[or-cvs] r9465: Write the entry guards section of path-spec; note a possible (in tor/trunk: . doc doc/spec src/or)

Tue Jan 30 22:19:39 UTC 2007

Author: nickm
Date: 2007-01-30 17:19:31 -0500 (Tue, 30 Jan 2007)
New Revision: 9465

Modified:
   tor/trunk/
   tor/trunk/doc/TODO
   tor/trunk/doc/spec/path-spec.txt
   tor/trunk/src/or/circuitbuild.c
Log:
 r11606 at catbus:  nickm | 2007-01-30 16:52:23 -0500
 Write the entry guards section of path-spec; note a possible bug in cirbuitbuild.c; add a const; defer work on torrc.complete to be part of a bigger config documentation reorg.

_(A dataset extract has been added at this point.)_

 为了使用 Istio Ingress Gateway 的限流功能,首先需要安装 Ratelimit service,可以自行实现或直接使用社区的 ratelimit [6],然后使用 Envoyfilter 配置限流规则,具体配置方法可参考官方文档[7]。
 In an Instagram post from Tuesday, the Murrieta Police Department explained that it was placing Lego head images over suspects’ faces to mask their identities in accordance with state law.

Property changes on: tor/trunk
___________________________________________________________________
 svk:merge ticket from /tor/trunk [r11606] on 8246c3cf-6607-4228-993b-4d95d33730f1

Modified: tor/trunk/doc/TODO
===================================================================

--- tor/trunk/doc/TODO	2007-01-30 13:02:36 UTC (rev 9464)
+++ tor/trunk/doc/TODO	2007-01-30 22:19:31 UTC (rev 9465)
@@ -69,7 +69,7 @@
 N - DNS improvements
     . Asynchronous DNS
       - Make evdns use windows strerror equivalents.
-      - Make sure patches get into libevent.
+      . Make sure patches get into libevent.
       - Verify that it works well on windows
     - Debug and re-enable server-side reverse DNS caching
 
@@ -105,7 +105,6 @@
     - More prominently, we should have a recommended apps list.
       - recommend gaim.
       - unrecommend IE because of ftp:// bug.
-N   - torrc.complete.in needs attention?
 N   - we should add a preamble to tor-design saying it's out of date.
 N   - Document transport and natdport
 
@@ -409,6 +408,7 @@
   - Look into generating torrc.{complete|sample}.in, tor.1.in,
     the HTML manual, and the online config documentation from a single
     source.
+    - torrc.complete.in needs attention?
 
 Future version:
   - Configuration format really wants sections.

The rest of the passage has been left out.